A critical remote code execution (RCE) vulnerability (CVE-2025-29660) has been identified in the Yi IoT XY-3820 firmware version 6.0.24.10, exposing devices to unauthenticated attacks via TCP port 6789. The flaw allows directory traversal attacks due to improper input validation in the device’s daemon process, enabling arbitrary script execution. With a CVSS score of 9.8 (Critical), this vulnerability poses significant risks to unpatched systems, particularly in industrial IoT environments where these devices are commonly deployed.
Technical Breakdown of CVE-2025-29660
The vulnerability stems from insufficient input sanitization in the TCP service running on port 6789. Attackers can craft malicious requests containing directory traversal sequences (e.g., “../”) to access and execute scripts outside the intended directory scope. According to NVD documentation, this affects the XY-3820’s command processing functionality, where user-supplied paths are directly used without proper validation. Public proof-of-concept exploits have already appeared on GitHub repositories like Yasha-ops, demonstrating the attack’s reproducibility.
This vulnerability is particularly dangerous because it requires no authentication and can be exploited remotely. The affected service runs with elevated privileges, meaning successful exploitation grants attackers full control over the device. Historical data shows Yi IoT devices have faced similar issues in the past, including CVE-2018-3947 (cleartext data transmission) and CVE-2018-3892 (firmware downgrade attacks), suggesting systemic security weaknesses in the product line.
Impact and Attack Surface
The Yi IoT XY-3820 is widely used in smart home and industrial monitoring applications, making this vulnerability potentially impactful across multiple sectors. Successful exploitation could lead to complete device compromise, data exfiltration, or lateral movement within networks. The public availability of PoC code significantly lowers the barrier for attackers, increasing the likelihood of widespread exploitation attempts.

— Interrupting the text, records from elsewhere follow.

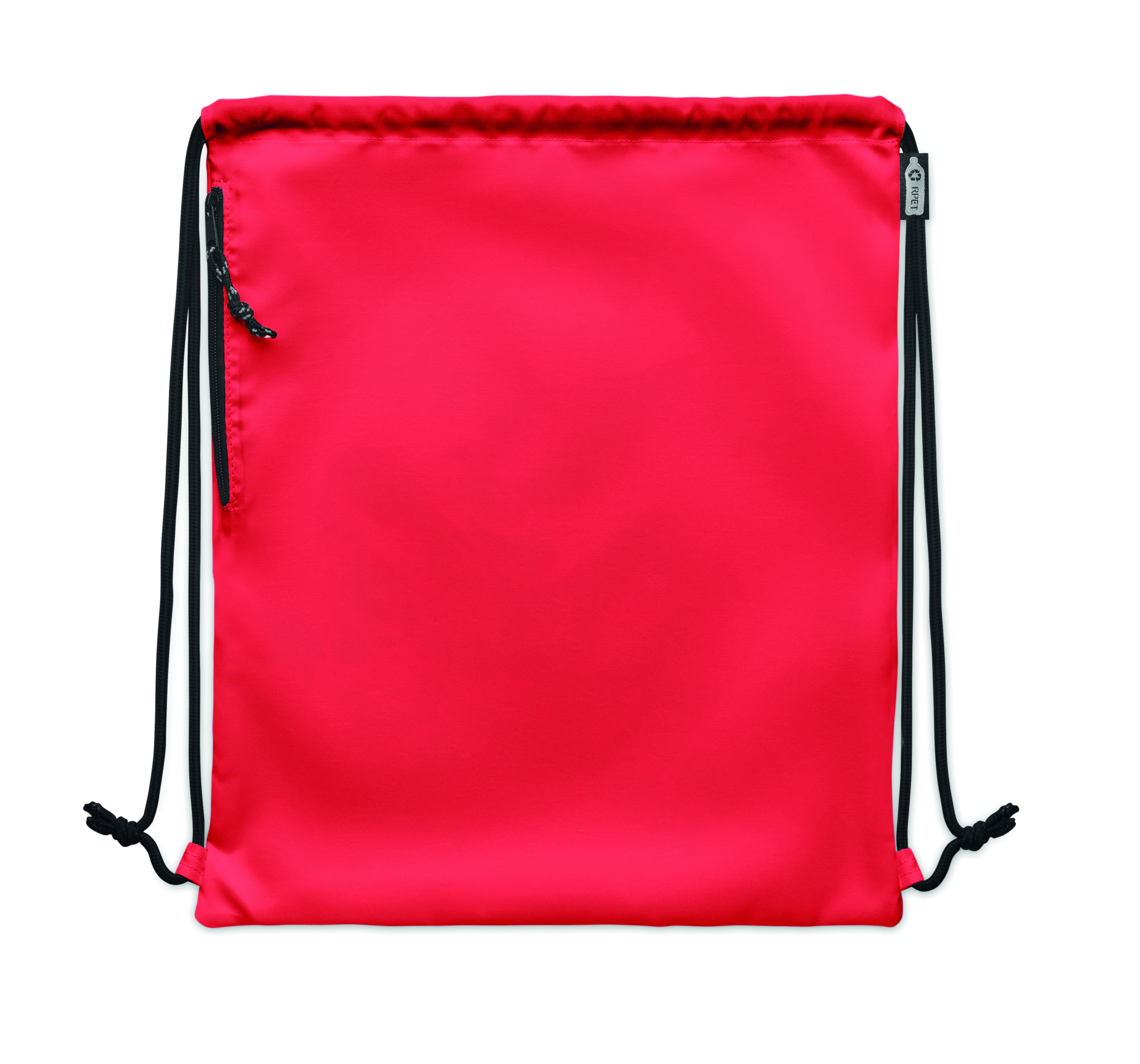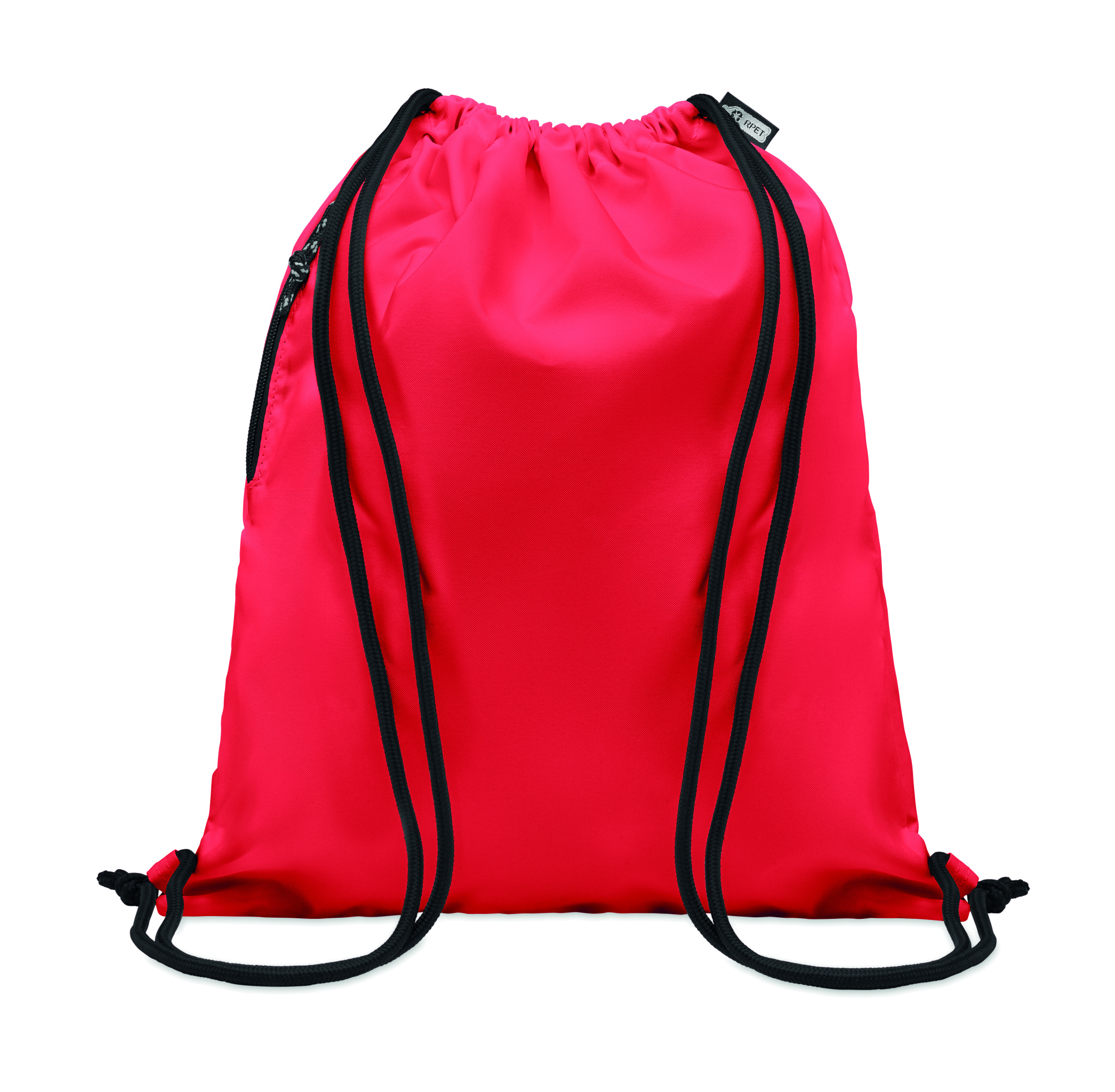 Stor Gympapåse i 300D RPET-polyester med sidoficka med dragkedja på utsidan. Tjocka snören.
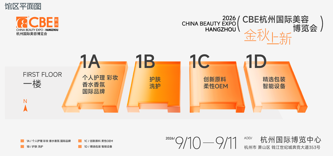 2026年CBE杭州国际美容博览会定于2026年9月10-11日在杭州国际博览中心隆重举办。本届展会以"金秋上新"为主题,聚焦新产品、新原料、新场景的落地呈现。值此行业下半年新品发布与采购旺季,展会严选全球20多个国家及地区的700余家化妆品企业,汇聚中国新锐品牌、特色原料企业、红人机构、潮流零售新场景等创新资源。
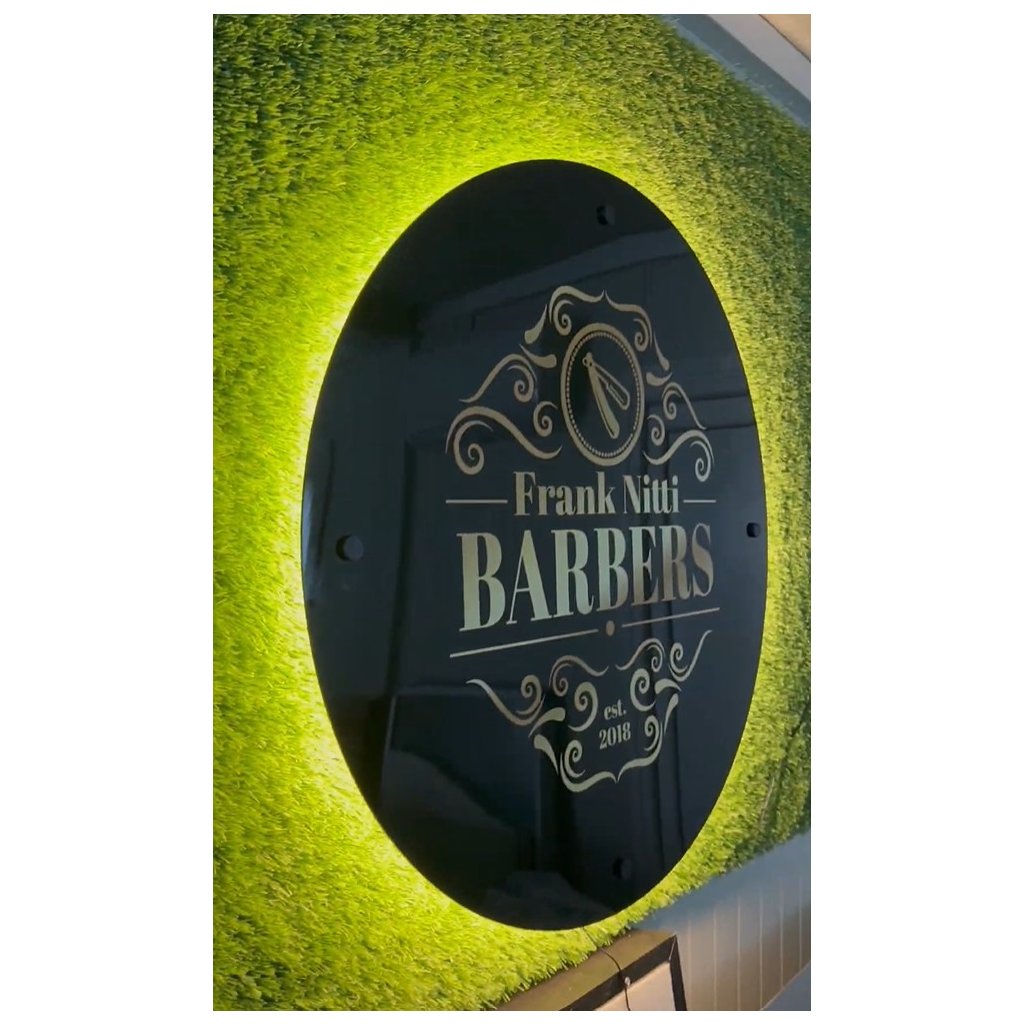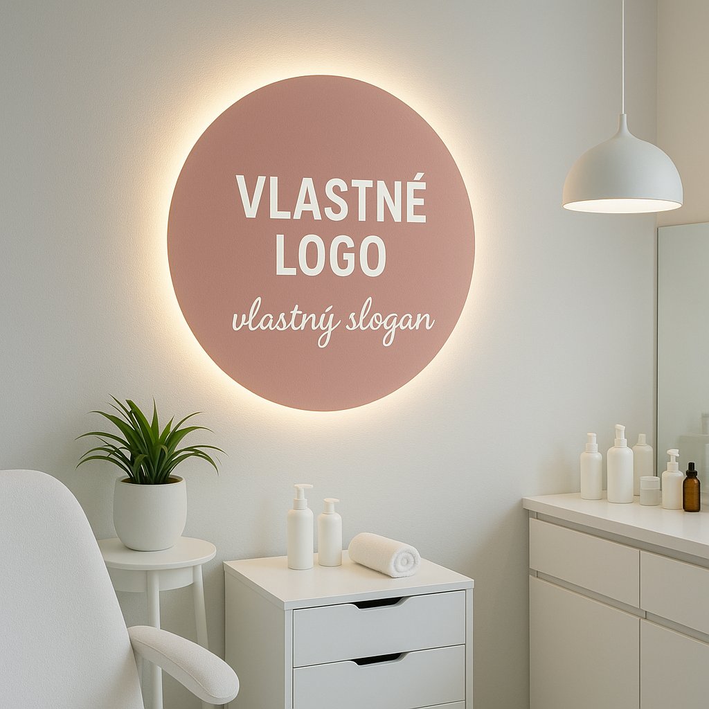 Logo je vytvorené z kvalitnej tlačenej alebo vyrezávanej fólie a precízne nalepené na hladký PVC podklad. Celá tabuľa je nasvietená LED pásikom zo zadnej strany, vďaka čomu vzniká jemný svetelný efekt okolo loga – ideálny na upútanie pozornosti.
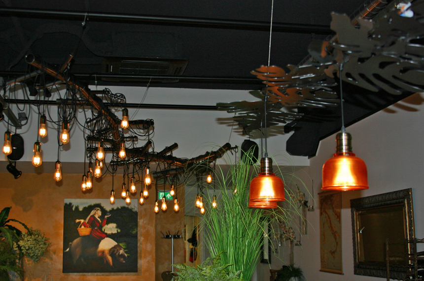 Achterin het restaurant is een grote boomstructuur met overdadige bedrading toegepast. De LED lichtbronnen zijn dimbaar voor een flexibele belichting.
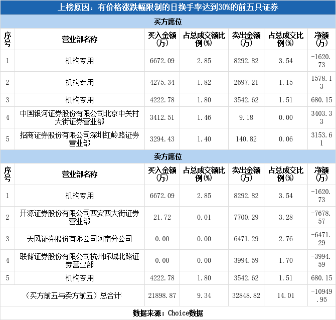 多主力现身龙虎榜,四方达上涨11.10%(10-21)
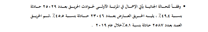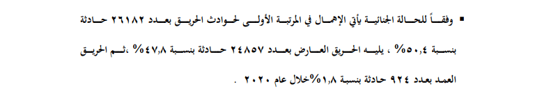 عام 2020، وفقًا للحالة الجنائية جاء الإهمال في المرتبة الأولى لحوادث الحـريق بعدد 26 ألفًا و182 حادثة بنسبة 50.4%، يليه الحـريق العارض بعدد 24 ألفًا و857 حادثةً بنسبة 47.8%، ثم الحـريق العمد بعدد 924 حادثةً بنسبة 1.8%.
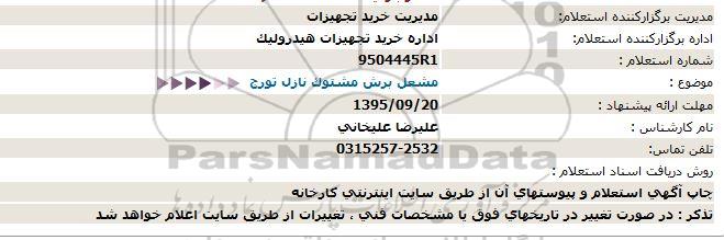 اداره برگزارکننده استعلام: اداره خرید تجهیزات هیدرولیک
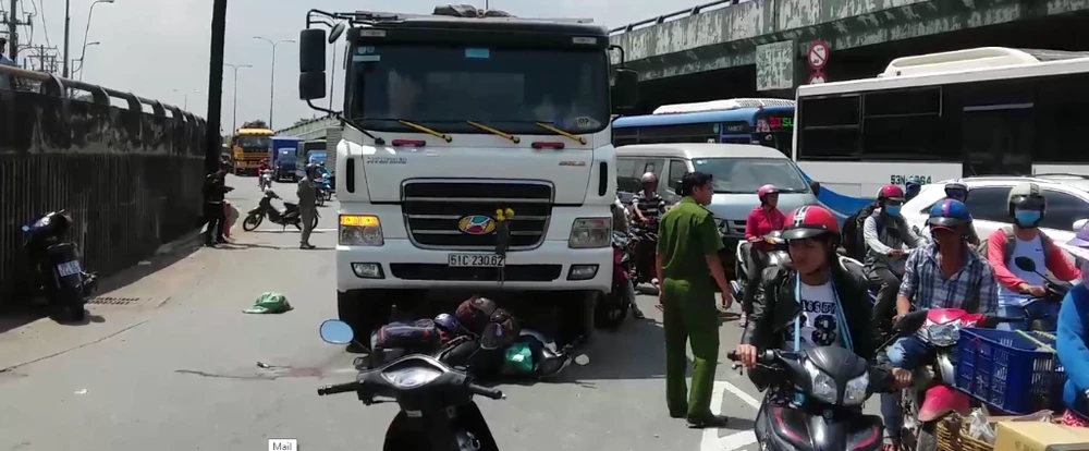 Khoảng 10 giờ trưa 8-8, xe ben 51C-23062 chạy trên quốc lộ 1 hướng cầu vượt trạm 2 đi Sóng Thần.
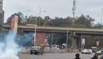 Police officers from Central Police Station, Nairobi were compelled to discharge tear gas to separate University of Nairobi students who had taken to the streets to protest against the non-release of their April examination results.
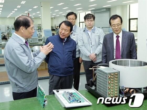 옥상텃밭을 가꾼 (주)비전과학 회사를 둘러보고 있는 염시장© News1

Network scans reveal approximately 14,000 internet-exposed Yi IoT devices as of April 2025, though not all may be vulnerable XY-3820 models. Organizations using these devices should immediately check their firmware versions and network configurations. The vulnerability is particularly concerning for deployments where these devices interface with critical systems or handle sensitive monitoring data.
Mitigation and Remediation
Yi Technology has released firmware updates addressing CVE-2025-29660. The following mitigation steps are recommended:
- Update to the latest firmware version immediately (v6.0.24.11 or later)
- Restrict network access to port 6789 using firewall rules
- Segment IoT devices from critical network segments
- Monitor for unusual outbound connections from affected devices
For environments where immediate patching isn’t possible, network-level controls can reduce risk. Implementing strict ingress filtering on port 6789 and monitoring for anomalous TCP traffic patterns can help detect exploitation attempts. Organizations should also review logs for unexpected process executions or file access patterns that might indicate compromise.
Detection and Monitoring
Security teams can use the following indicators to detect exploitation attempts:
“Network IDS rules should focus on TCP traffic to port 6789 containing directory traversal patterns. Look for strings like ‘../’ or attempts to access known script locations outside expected paths.”
SIEM queries can be configured to alert on:
– Multiple failed connection attempts to port 6789
– Successful connections followed by unusual process executions
– Outbound connections from XY-3820 devices to unexpected destinations
For organizations using vulnerability scanning tools, the following plugins are available:
– Tenable Plugin ID: 187654 (CVE-2025-29660 detection)
– Qualys QID: 98732 (Yi IoT XY-3820 vulnerability check)
Conclusion
CVE-2025-29660 represents a serious threat to Yi IoT XY-3820 deployments, with public exploits already circulating. The combination of high severity, low attack complexity, and no authentication requirements makes this vulnerability particularly dangerous. Organizations using these devices should prioritize patching and implement defensive measures to prevent exploitation.
The broader implications for IoT security remain concerning, as similar vulnerabilities continue to appear across various manufacturers. This incident underscores the importance of rigorous input validation and secure coding practices in embedded systems development. Future research may reveal whether this vulnerability shares common root causes with previous Yi IoT security issues.
References
- “CVE-2025-29660 Detail.” National Vulnerability Database, 21 Apr. 2025.
- “CVE-2025-29659 Detail.” National Vulnerability Database, 21 Apr. 2025.
- Yasha-ops GitHub Repository. Accessed 21 Apr. 2025.
- “Yi IoT Home Camera Riddled with Code Execution Vulnerabilities.” Threatpost, 15 June 2018.
- “Vulnerability Spotlight: Yi Technology.” Cisco Talos, 12 July 2018.